- _What this task involves_
Begin at the line that holds "Ich nehme das" and copy each line exactly until the data below ends, including that last line but no pictures.

+++ Available records

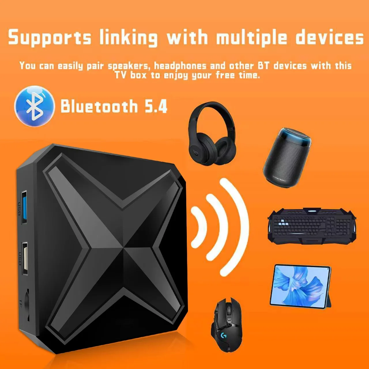 This is a multi-functional host which can be connected to Bluetooth speakers, keyboard and mouse, handles, to enjoy multimedia life.
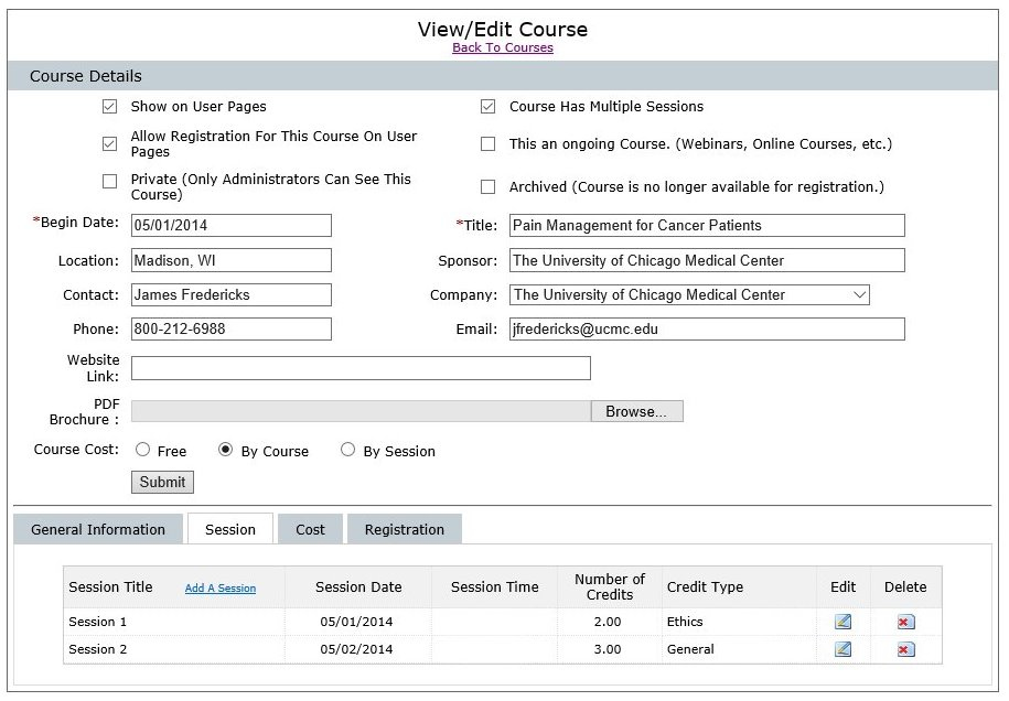Easily and efficiently manage a variety of course offerings including ongoing Webinars, multi-session workshops, multi-day conferences and one-time courses.
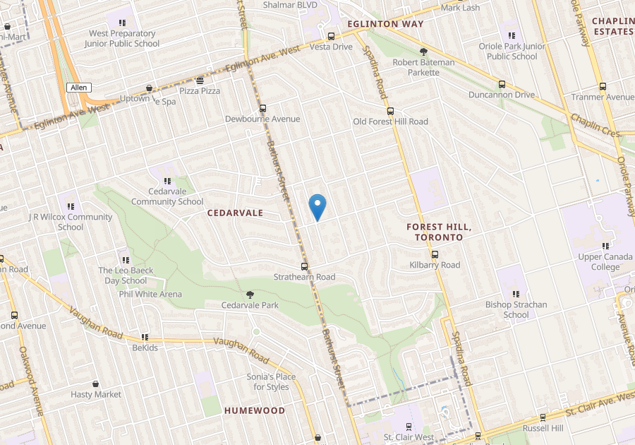 Close to all amenities, TTC, and bus routes. 7 min walk to St. Clair West subway station, Cedarvale Park, shopping on St. Clair West.
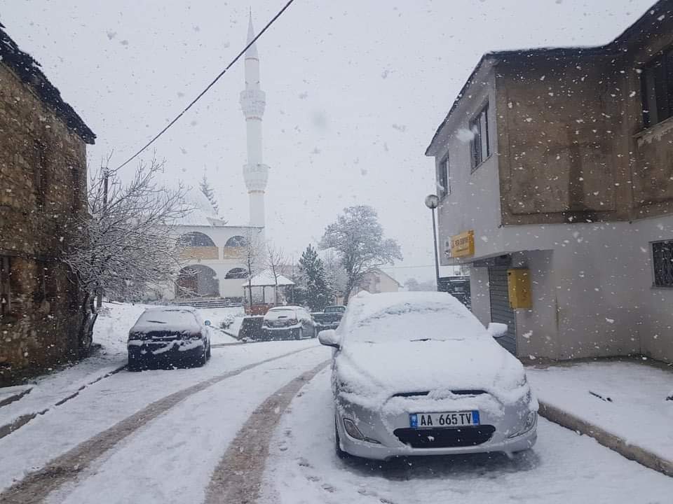 Mëngjesin e sotëm Kukësi është zgjuar i mbuluar nga manteli i bardhë i borës.
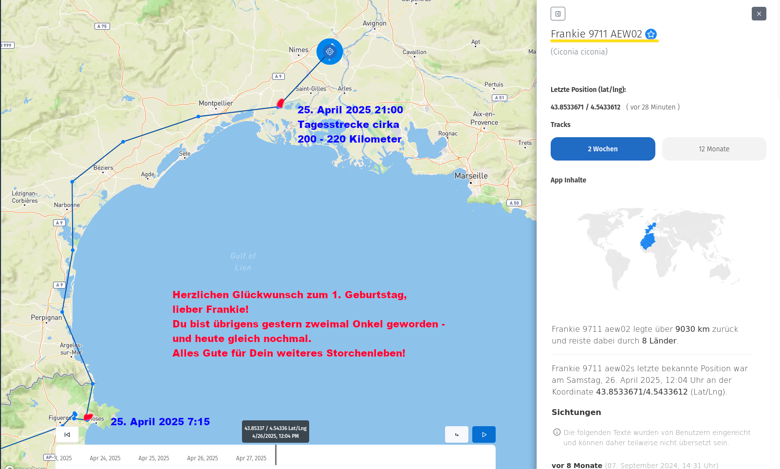 Ich nehme das zum Anlass, abschließend den Blick auf wenige Sender-Störche zu richten, die ich länger verfolgt habe.
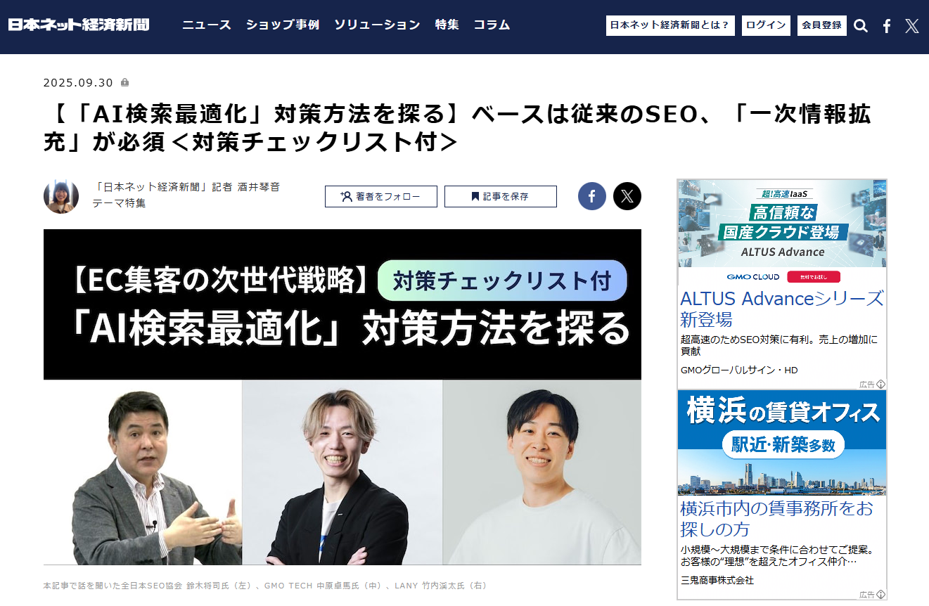 생성 AI의 보급에 의해 AI와의 대화를 통한 정보 수집이 일반화되고 있지만, 그 전제로서 「종래의 SEO 대책이 계속 중요하다」라는 점이 전문가의 공통적인 견해로서 나타났습니다. 기사에서는, 나카하라가 AIO/LLMO의 전문가로서, AI검색 시대에 있어서도 SEO를 기반으로 한 시책이 빼놓을 수 없는 것을 지적하는 것과 동시에, EC 사업자에게 퍼지는 새로운 기회와 임해야 할 구체적 전략에 대해 견해를 말하고 있습니다.
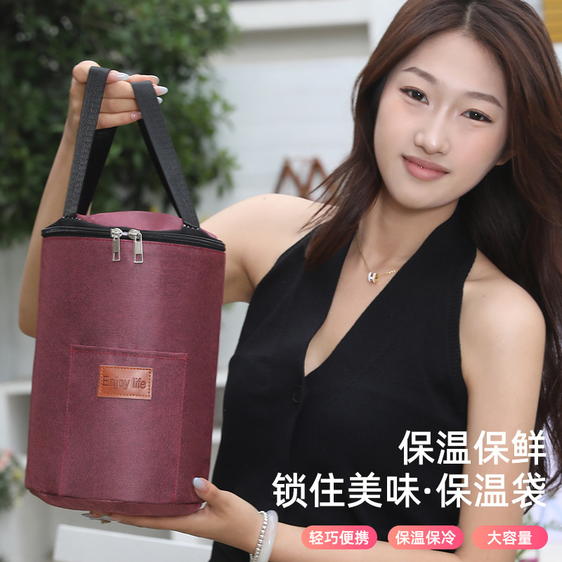 断熱増粘大容量ラウンドランチボックスバッグアルミ箔ポータブル防水バレルランチバッグオフィスワーカーランチバッグ
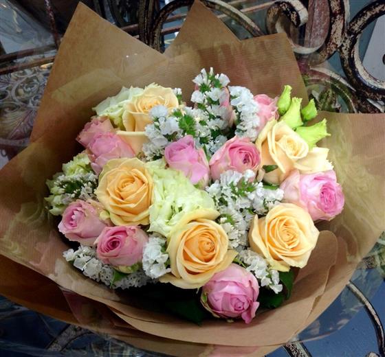 • This bouquet is gift wrapped in cellophane/paper with a natural raffia or similar bow
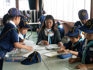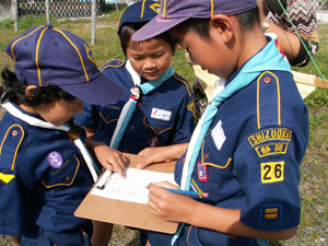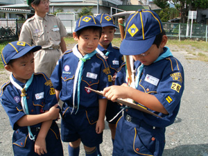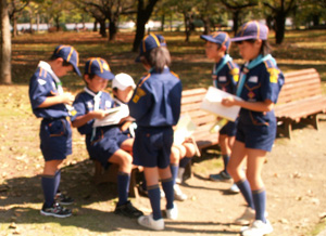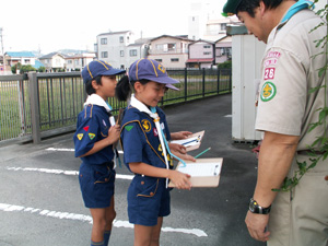 | 組長は、出席を把握して 隊長に報告です。 新組長、みんなしっかり出きました。 |

++++++

- _Task result_
 Ich nehme das zum Anlass, abschließend den Blick auf wenige Sender-Störche zu richten, die ich länger verfolgt habe.
 생성 AI의 보급에 의해 AI와의 대화를 통한 정보 수집이 일반화되고 있지만, 그 전제로서 「종래의 SEO 대책이 계속 중요하다」라는 점이 전문가의 공통적인 견해로서 나타났습니다. 기사에서는, 나카하라가 AIO/LLMO의 전문가로서, AI검색 시대에 있어서도 SEO를 기반으로 한 시책이 빼놓을 수 없는 것을 지적하는 것과 동시에, EC 사업자에게 퍼지는 새로운 기회와 임해야 할 구체적 전략에 대해 견해를 말하고 있습니다.
 断熱増粘大容量ラウンドランチボックスバッグアルミ箔ポータブル防水バレルランチバッグオフィスワーカーランチバッグ
 • This bouquet is gift wrapped in cellophane/paper with a natural raffia or similar bow
 | 組長は、出席を把握して 隊長に報告です。 新組長、みんなしっかり出きました。 |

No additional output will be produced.